A new mission to locate Amelia Earhart’s long-missing plane is being launched, researchers announced on Wednesday, following fresh clues that suggest she may have crash-landed on a remote island in the South Pacific.

A satellite image may show part of Earhart’s Lockheed Electra 10E protruding from the sand on Nikumaroro, an isolated island in Kiribati about 1,000 miles from Fiji, according to Richard Pettigrew, head of the Archaeological Legacy Institute, a non-profit based in Oregon.

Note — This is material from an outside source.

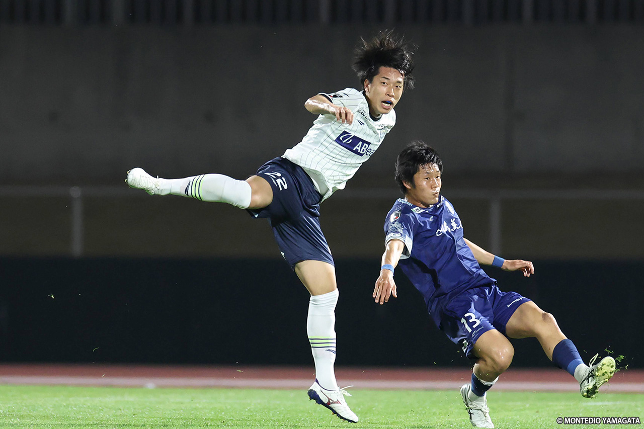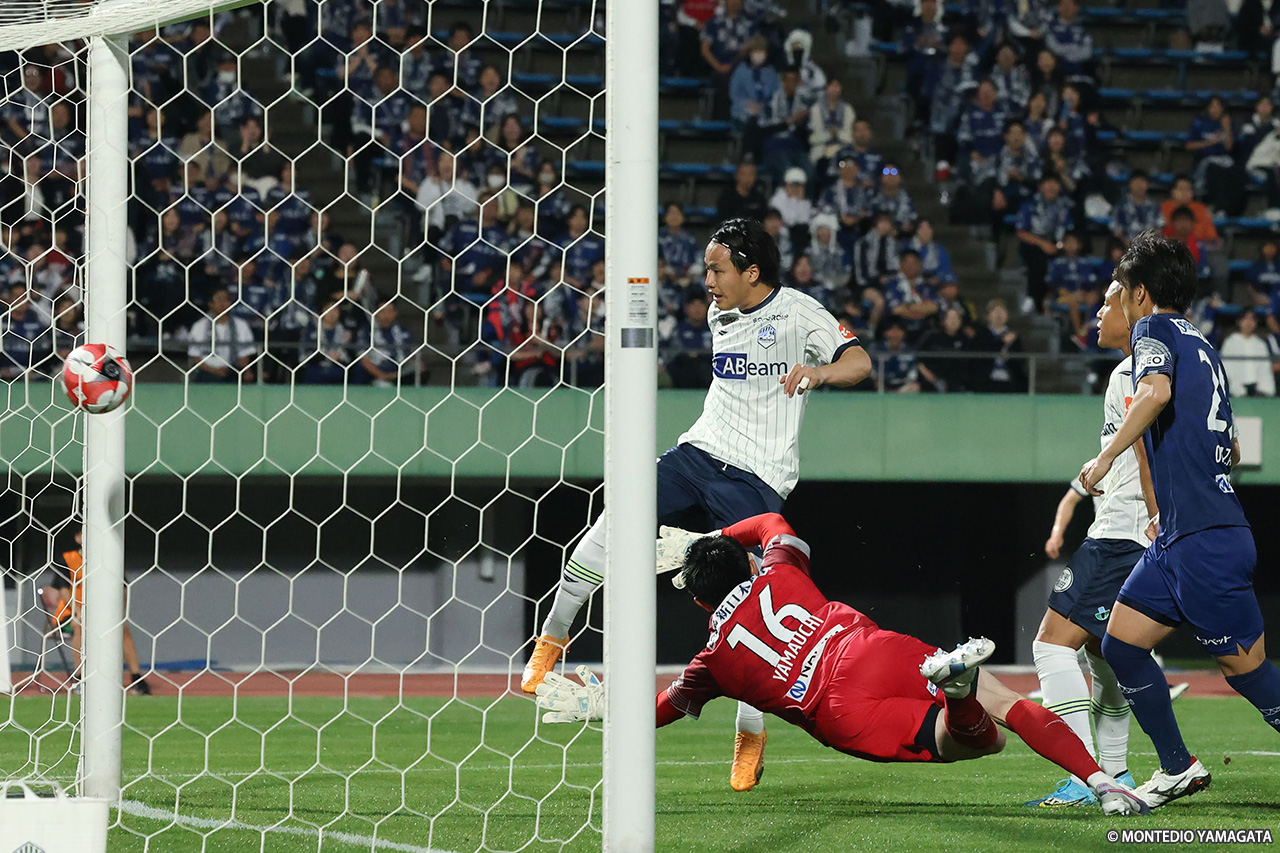 しかし、直後に山形も反撃。中央をドリブルで持ち運んだ藤本がシュートを狙う。ここは戻った藤村慶太に止められたが、直後のCKの流れから、坂本の山なりのクロスをワンバウンドで受けた加藤がワントラップから右足を振った。しかし、ここはGK山内康太が伸ばした左手に当てたことで、枠には当たったがゴールとはならなかった。直後のCKでもイサカのヘディングが防がれた。59分には右サイドで背後を取ったイサカがドリブルから切り返し、左足を振ったが、

“What we have here is maybe the greatest opportunity ever to finally close the case,” Pettigrew said in a news release. “With such a great amount of very strong evidence, we feel we have no choice but to move forward and hopefully return with proof.”

Earhart and her navigator Fred Noonan vanished on 2 July 1937, exactly 88 years ago, during their attempt to circumnavigate the globe, leaving behind one of history’s most puzzling aviation mysteries.

Now, Purdue University, where Earhart once taught and which contributed funding for her flight, is organizing a team to travel to Nikumaroro this November. The group hopes to uncover and recover remains of the aircraft.

“We believe we owe it to Amelia and her legacy at Purdue to fulfill her wishes, if possible, to bring the Electra back to Purdue,” Steve Schultz, the university’s general counsel, told NBC News.

Pettigrew believes the object spotted in the satellite photo aligns in size and material with Earhart’s aircraft. He also noted its position is near her intended route and close to where four of her emergency radio transmissions are thought to have originated. The image was taken in 2015, a year after a powerful cyclone may have exposed the site by shifting sand, Pettigrew said. He later presented the findings to Purdue.

Additional signs suggesting Earhart’s presence on the island include American-made tools and a small medicine bottle, Pettigrew added.

Back in 2017, four specially trained dogs and archaeologists from the International Group for Historic Aircraft Recovery (Tighar) also explored Nikumaroro.

Still, not everyone is convinced. Ric Gillespie, Tighar’s executive director, has led 12 previous expeditions to the island and believes Earhart probably landed and died there. However, he doubts the satellite image shows a plane. Instead, he told NBC he thinks the object could be a coconut palm tree and root ball pushed ashore during a storm.

Schultz said Earhart had intended to return the plane to Purdue after the journey so it could be studied by future aviation students. The Purdue Research Foundation has approved $500,000 in funding for the first phase of the trip.

The team will take six days to reach Nikumaroro by boat and will have five days on the island to search for the object and attempt to identify it as the missing plane.